Columns | Locomotif
Why China Still Gets Away
The new Cold War is not a clash of ideas
S Prasannarajan
S Prasannarajan
24 Sep, 2021
THE NEW COLD War is not restrained by nomenclature, and it’s not even defined by geography. Cold War is not the word we can use comfortably to describe the growing tension between China and parts of the world. The West didn’t have the luxury of being awakened by the documented warning from a super diplomat like George Kennan about the radioactive thunder from the East. Nor did we have a George Orwell to imagine a dystopia with Chinese characteristics for us, with Room 101 digitally updated. What we have in abundance are daily headlines on alignments and realignments, new aggressions and veiled appeasements, as China looms over nations rattled and nations indebted as a terrifyingly focused power. We are all in its field of vision, and still making up our minds.
Latest headlines suggest America, dominant on the other side of the divide, has made up its mind after four years of systematic anti-China groundwork by the Trump administration. Even at the risk of alienating one of its oldest European allies, America has formed a new strategic partnership, the subtext of which is the containment of China. India’s own regional importance in a world where the US is a damaged superpower, morally and diplomatically, is conditioned by the fear of China. In the new global politics of the good versus the bad, there is no Iron Curtain separating them. There is no consensus on the nature of the ‘evil’ itself.
This Cold War has little ideological content, and its high-level polemic is balanced by unstated pragmatism. The original one, a classic thriller populated by easily recognisable stereotypes, was a war of ideas. Both ideas were built on freedom—only definitions and means differed. On one side of the Curtain was a system that put the individual, un-programmed by the knowing state, at the centre. On the other side, the individual was not the word that could capture the full meaning of the New Man, a permanent work-in-progress, supervised by the state that followed the Book—and its custodians. In the Soviet model, power was about asserting the superiority of ideology over the corrupting elasticity of liberal values and the free flow of capital. In the democratic model, the free marketplace was a reflection of the politics of choices—not of control. One wanted to outlive the Christian West by building its own heaven on earth, which otherwise only promised injustice. The other kept the windows open to see what was coming up outside, heaven or hell, whatever, and it was your making. The original Cold War had clarity, not just in terms of geography.

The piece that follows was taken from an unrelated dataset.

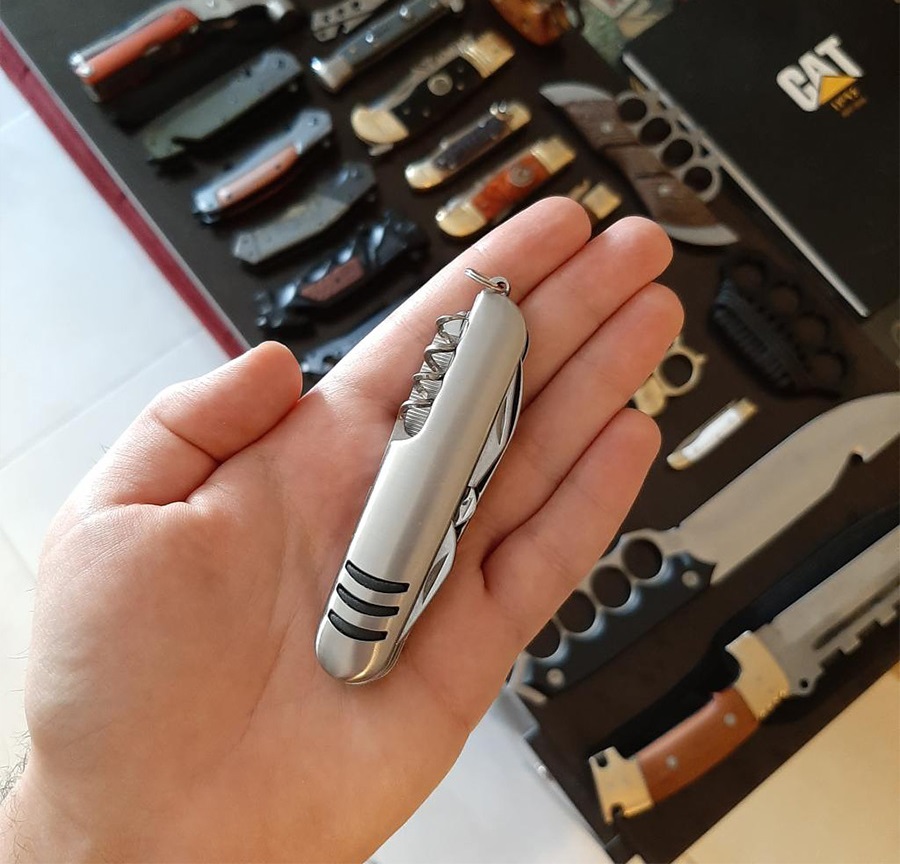 - ابزار 11 کاره شامل چاقو ، قیچی ، پیچ گوشتی ، درب باز کن ، انبر دستی ، چاقو اره ای و ...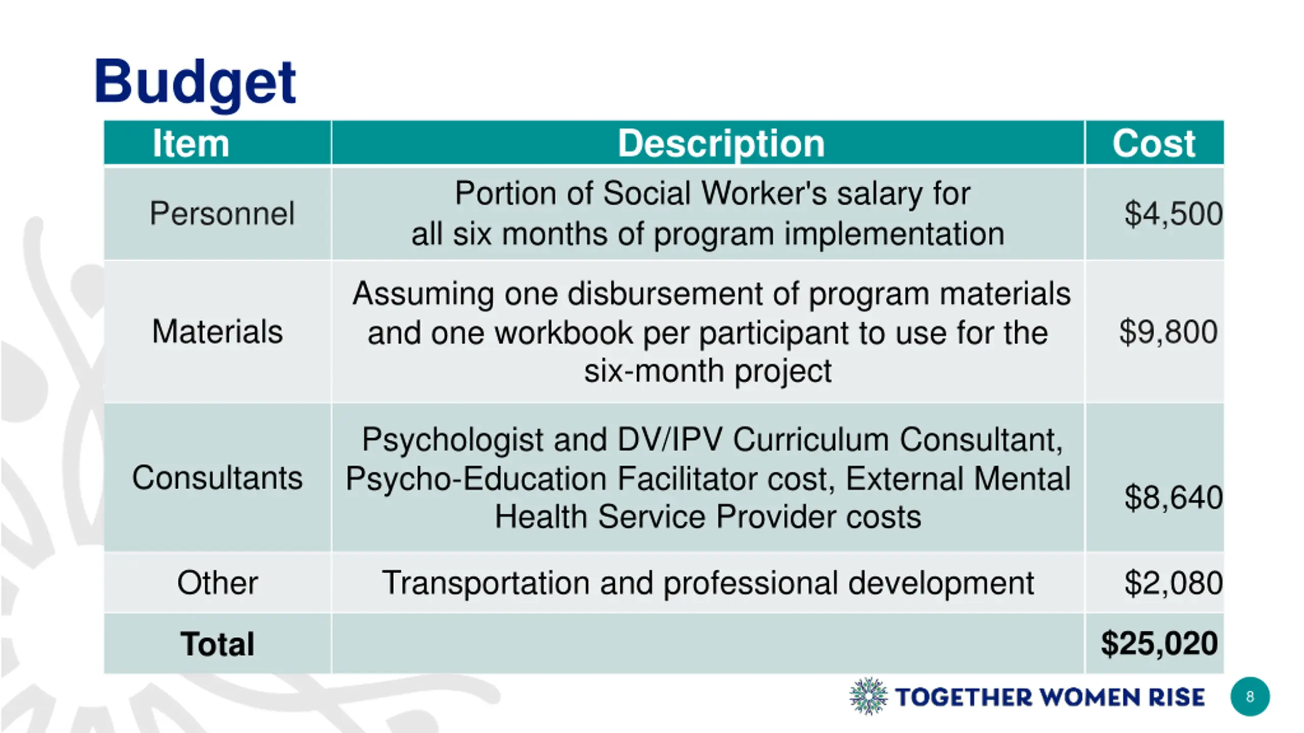 Budget Item Description Cost Portion of Social Worker's salary for all six months of program implementation Personnel $4,500 Assuming one disbursement of program materials and one workbook per participant to use for the six-month project Materials $9,800 Psychologist and DV/IPV Curriculum Consultant, Psycho-Education Facilitator cost, External Mental Health Service Provider costs Consultants $8,640 Other Transportation and professional development $2,080 $25,020 Total 8

China’s ideological system is a hotchpotch. The apparat may still be pure Leninist, but the People’s Republic is not a textbook case of communist totalitarianism. Its evolution, from Mao’s white sheet on which the future is drawn and erased in quick succession and with ruthless precision to Xi’s techno-despotism, is a study in ideological flexibility and a survivor’s ingenuity in tapping into the past. In what could be called social capitalism with Chinese characteristics, Confucius, Marx, Mao and a genetically modified Adam Smith can co-exist, as long as they don’t come in the way of the current leader’s project of making himself the Eternal Helmsman. China’s attitude towards the democratic West is not strictly antagonistic: It has imbibed everything Western except democracy (the dreaded “fifth modernisation”). A deep sense of hurt, dating back to its imperial nationalist glory, powers its paranoia. Its spheres of influence are not purely Soviet either; it has no vassals. It has only potential preys, and it requires policies such as the Belt and Road Initiative to make the hunt easier. And the marketplace—it’s not an adversity; it’s an opportunity.
In the new Cold War, the old playbooks are of little help. The West—or America to be precise—is not fighting China with ideas. It seems to have no problem with China’s abominable human rights record. It sees very little beyond China’s manipulation of the market and its extra-territorial aggression. It may not have a China complex as some Asian countries do, but it cannot let go of this ‘socialist’ state with a ‘capitalist’ hunger. China is the countryside, Mao might have said; China is the marketplace, and that’s the mantra we hear, and the beast behind the glitz, watching every movement, every word, is a domestic matter—and its bad behaviour beyond the border largely goes unpunished. China is a permanent threat, but China is necessary too. Set against China’s sharper, unwavering national interest (achieved through international subterfuge) are its opponents’ short-term responses—part desperation, part pragmatism, but never built on a confident value system. An attitude can’t be a replacement for ideas.
Gogol imagined Russia as a fearsome troika flying through time. The dragon’s race for owning the future the liberal West has taken for granted is less poetic, but it can be contained only by a battle of values the democracies are shying away from.